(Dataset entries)
....
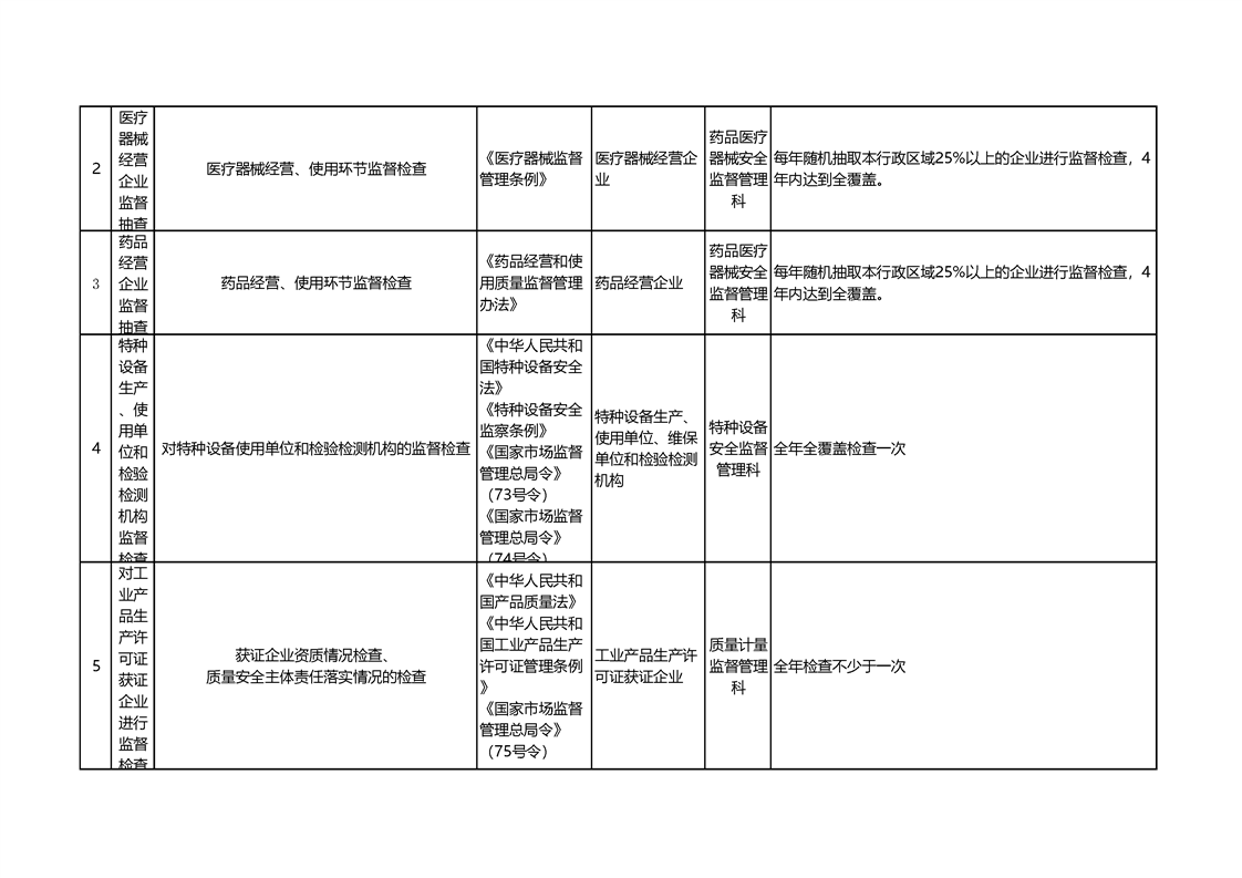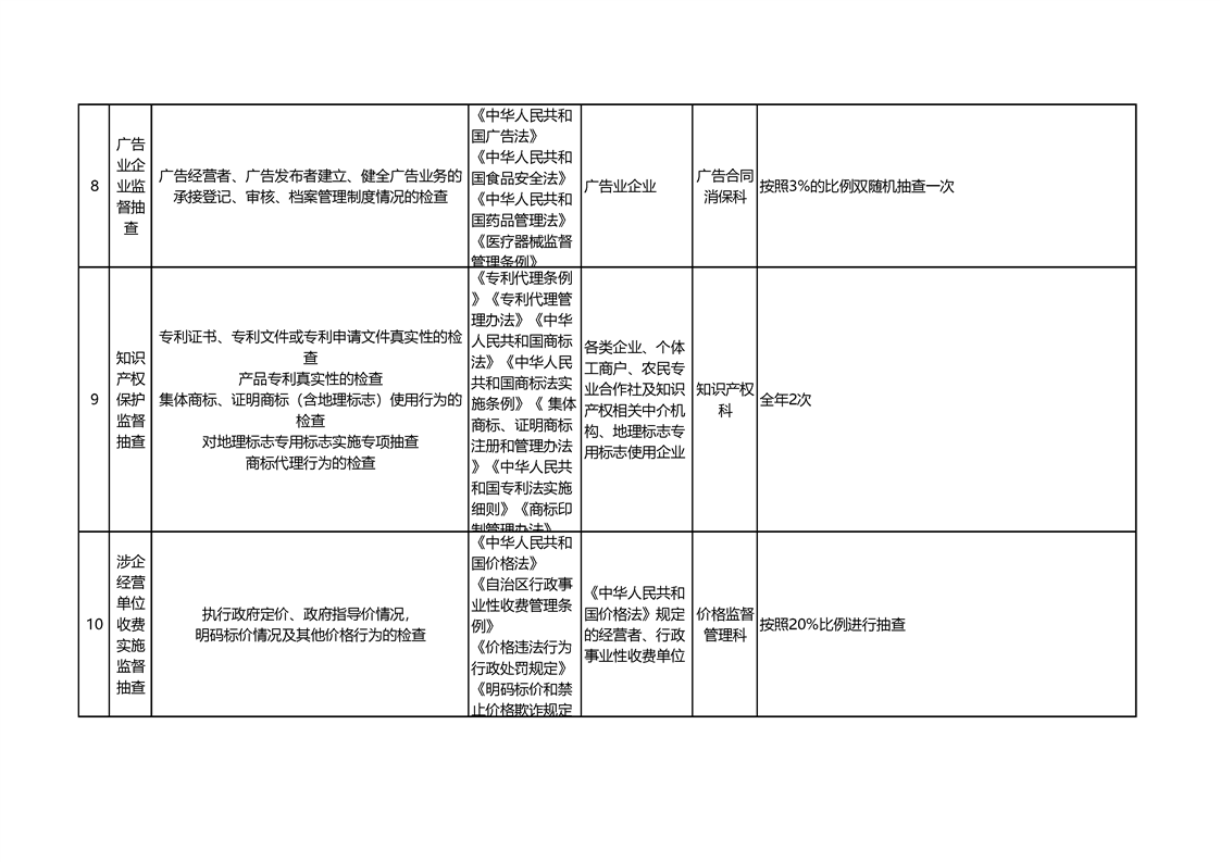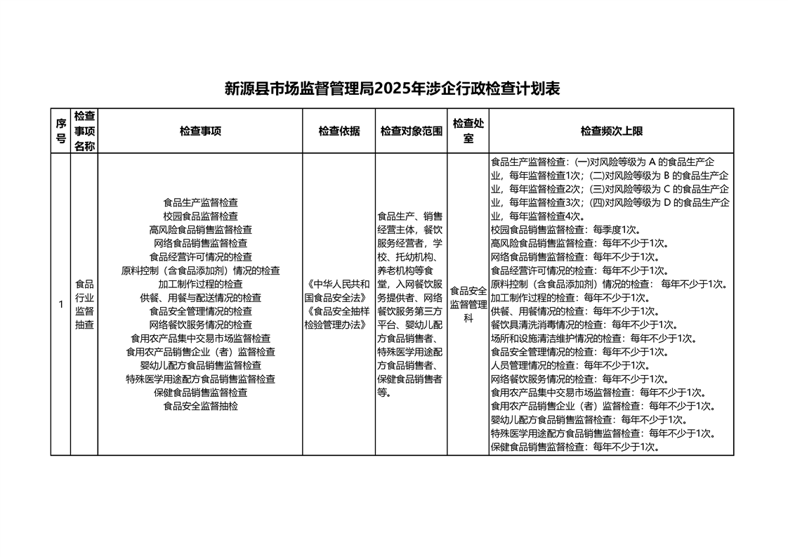 新源縣市場監督管理局2025年涉企行政檢查計劃表
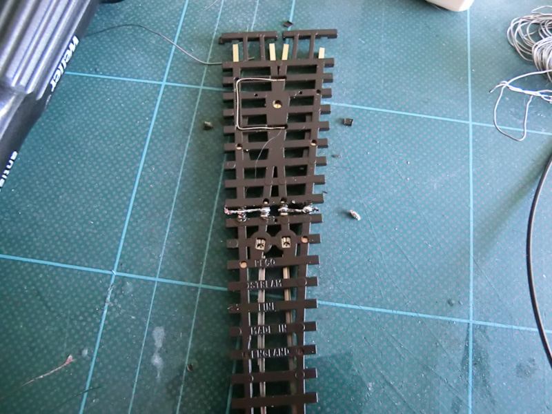 Det sista jag gjort på modulen är att jag arbetat med växlarna och modifierat dem för DCC enligt instruktioner på internet och Herr Boströms hjälp. Bilderna nedan visar några av mina eskapader med lödkolven och lössågen. På den vänstra bilden ser ni byglingarna som jag lödat dit på undersidan av rälsen, högra bilden visar både byglingen och kapningen. Som ni även ser fick jag några små skador på de andra rälerna men det är inte djupare än att jag kan ordna till det med en fin slipkloss. Till höger kan man även ana strömförsörjningen av hjärtbiten (gul sladd) som kommer kopplas till växelomställaren under modulen. Huvudrälerna kommer strömförsörjas via matarkablar som löds på under rälserna i glappen i plastslipersen som uppstår när jag kurvar flexrälsen. Skadad av z-skalans känslighet för elbrist så kommer jag montera matarkablar på samtliga modulens fyra rälselement förutom växeln.
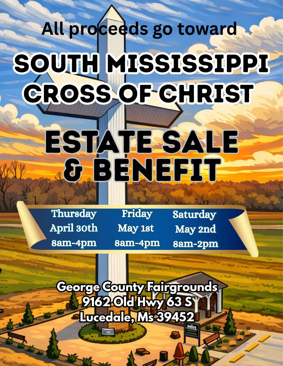 This sale will be held at the George County Fairgrounds building. This sale is a Benefit Estate Sale. 100% of proceeds will go toward building the first 120 foot “Cross of Christ “ in southern Mississippi.
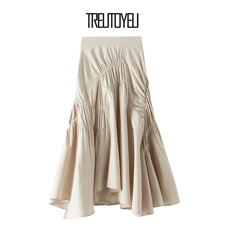 Treutoyeu дизайн Белый Черный плиссированная Макси Длинная юбка с Рюшами Юбки Русалки женские 2020 новое поступление
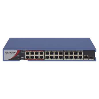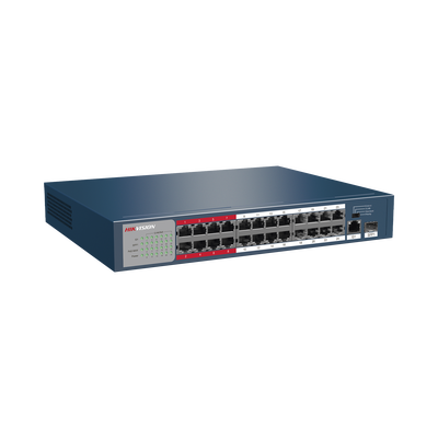 Switch Poe+ DS-3E0326P-E/M(B) 24 puertos 10/100 mbps 1 puerto 1000 mbps modo extendido hasta 300 m protege contra sobretensión modo hi-poe
....
Try it
Please repeat exactly the lines from the one containing "This sale will" through the last line of the records, both included, and leave out the pictures.

Response area
 This sale will be held at the George County Fairgrounds building. This sale is a Benefit Estate Sale. 100% of proceeds will go toward building the first 120 foot “Cross of Christ “ in southern Mississippi.
 Treutoyeu дизайн Белый Черный плиссированная Макси Длинная юбка с Рюшами Юбки Русалки женские 2020 новое поступление
 Switch Poe+ DS-3E0326P-E/M(B) 24 puertos 10/100 mbps 1 puerto 1000 mbps modo extendido hasta 300 m protege contra sobretensión modo hi-poe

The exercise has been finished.